Dani: Ey, Lucy, ¿qué pasa?

Lucy: Dani… Se me ha perdido la llave de la habitación…

Dani: ¡¿Qué?! ¡¿Se te ha perdido?! ¡Si la tenías antes en la puerta circular, ¿no?! ¡¿No te la habrás dejado puesta?!…

Lucy: No, estoy segura de que me la llevé… Se me ha debido de caer por aquí…

Dani: Pero no ha pasado casi tiempo desde que nos hemos separado, no has buscado mucho, ¿no?

Lucy: Casi nada…, pero estoy triste y estresada por todo… No sé que hacer… Esperaba que me dejaras quedarme en tu habitación…

Dani: ¡Pero…!

Lucy: Por favor… No conozco a nadie más, y tú pareces bueno…

Dani: Espera, la llave debería de estar por aquí, ¿por qué no buscamos?

Lucy: Es muy grande esta sala…

Dani: ¿Y qué harás sin tu llave?… Aj, como sea, bien, entra, quédate hoy aquí y ya veremos mañana qué hacer…

Lucy: ¡Ah!… ¡Muchas gracias, Dani! ¡De verdad!…

Dani: Tranquila, tú también pareces buena.

Lucy: Gracias…

Invitándola a mi habitación, pasamos por la puerta. Pero de repente, recuerdo que solo hay una cama. Y sin saber qué hacer, me quedo quieto en el sitio.

Lucy: Hmmm… ¿De verdad está bien?… ¿Pasa algo?…

Dani: Ehmmm… Creo que… podría dormir en el suelo…

Lucy: ¡Oh!… ¡La cama!… ¡No, no, no, es tu habitación! ¡Estás dejando que me quede! ¡He de dejar que tú duermas en tu cama!

Dani: Sí, pero yo no puedo dejar que duermas en el suelo…
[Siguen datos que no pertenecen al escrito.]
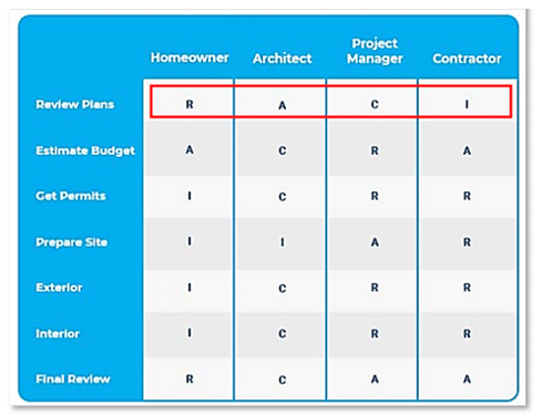 For instance, the homeowner is responsible for reviewing the plans and approving them, but the architect who designed their new home is accountable for the final design.

Lucy: Bueno…, a mí… no me importa que durmamos juntos…

Dani: ¡A-ahm!…

Lucy: Hm…

Dani: ¡Bue-bueno!… S-si de verdad no te importa…

Lucy: S-sí…

Dani: Entonces… vale, ¿pero estás segura?…

Lucy: ¡Hm! ¡Si no te atreverías a hacerme nada, je, je, je!

Dani: Ahm… ¿Me tomo eso como un cumplido?

Lucy: -sonríe y saca la lengua-

Dani: Je, je…

Lucy: Hm… ¡Laaa verdad es que me gustaría ducharme! ¿Puedo?

Dani: Ah, sí, ya sabes que hay toallas de sobra. Y sobre la ropa, agarra la que hay en el armario. Hay mucha ropa de chica, así que la puedes usar todo lo que quieras.

Lucy: ¡Muchas gracias, Dani!… ¡Jo, ya me estás cuidando un montón! ¡Estoy segura de que debes de ser un novio genial!

Dani: ¡E-ehm!… ¡P-pues…! En realidad no tengo novia…

Lucy: ¡Ah!… ¡Yo…! Yo tampoco tengo novio… Je, je…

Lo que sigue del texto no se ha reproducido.